Stress Can Turn HIV Into AIDS Faster

From the WebMD Archives

Aug. 18, 2000 -- HIV, the virus that causes AIDS, is difficult enough to manage under the best conditions. But add in aggravating factors, such as stress, and according to a new study, the medical situation gets even worse.

In the current issue of the American Journal of Psychiatry, the studyshows that men who are infected with HIV progress to AIDS more rapidly if they are experiencing stressful life events or don't feel that they have much support from people around them.

"We also found that cortisol, which is a hormone related to stress levels, and denial, when men said to themselves, 'No, this really isn't happening to me,' or 'If I just don't think about it, it will go away,' were also related to progression to AIDS from HIV infection," Jane Leserman, PhD, tells WebMD. Leserman is research associate professor of psychiatry at the University of North Carolina at Chapel Hill.

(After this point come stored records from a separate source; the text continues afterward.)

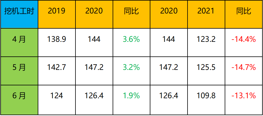 通过观察表1信息,我们可以发现2021年4月至6月,每个月的挖掘机工作时长同比降幅较大,均超过了10%。
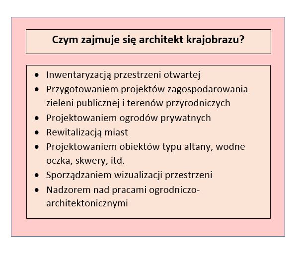 Uwaga: W przeciwieństwie do architekta budowlanego architekt krajobrazu nie potrzebuje żadnych specjalnych uprawnień do wykonywania zawodu!
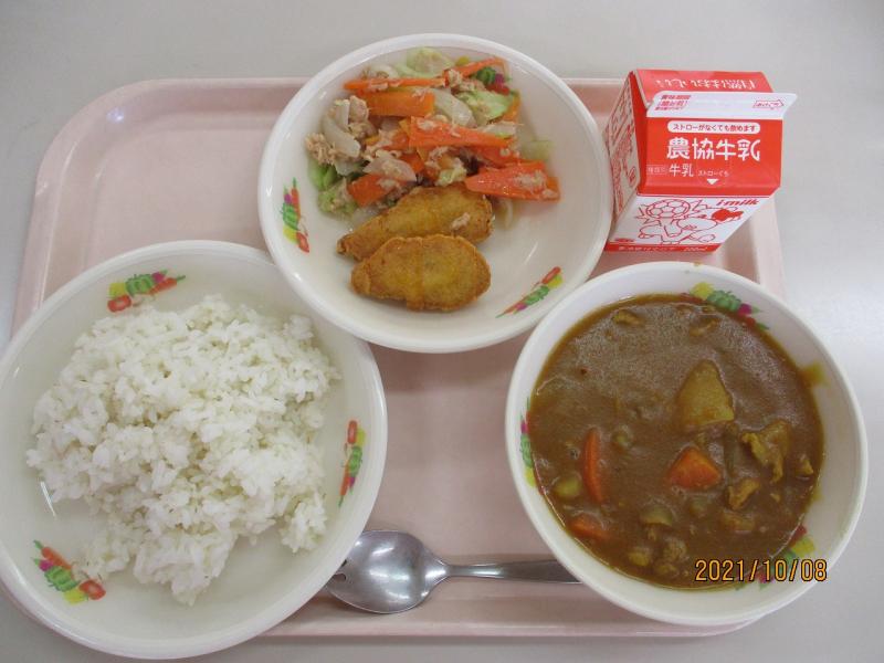 1ヵ月に1回のお楽しみ❤今日はカレーライスの日でした。みんなが大好きなチキンナゲットと、そして、10月10日は目の愛護デーなので、目に良いビタミンAが豊富なにんじんを使ったにんじんサラダの組み合わせでした。

But the researchers' findings go beyond HIV men. "Other research has shown that these types of factors are also important in other diseases, such as cancer and heart disease. We need to start paying attention to how someone's state of mind may have an effect on disease," Leserman says.

Leserman and her colleagues studied more than 80 HIV-positive men in North Carolina. All of the men were self-reported homosexuals and did not have any symptoms of AIDS when they started the study, nor did they take any medications for HIV infection. They were seen every six months for up to seven-and-a-half years, and at each visit they were asked a number of questions to assess their mental state and life events. Blood samples also were taken at that time.

Men who reported less social support, more social stressors, who coped with being HIV-positive by denying that fact, and had higher cortisol levels, were more likely to develop AIDS than the other HIV-positive men.

Leserman says doctors often concentrate on treating the body and forget the disease's effect on the person's mind, or the effect of the person's mental state on his disease. "We might consider using cognitive therapy, stress management, and support groups in addition to medications in the treatment of HIV infection."

Marshall Forstein, MD, chair of the commission on AIDS of the American Psychiatric Association, tells WebMD, "What's great about this paper is it says that how we treat people mentally and help them manage their lives may be very important to the outcome of physical illness ... I often say that there's a reason for the neck: It's to connect the head to the body. It's folly to ignore how mental states can impact illness, and not just in HIV infection."

Forstein sees this study and others like it as support for coverage of mental health services as part of health insurance. "We must have parity in health care services," he says. "Our arbitrary and insane distinction between body and brain and our prejudice against mental disorders must be resolved."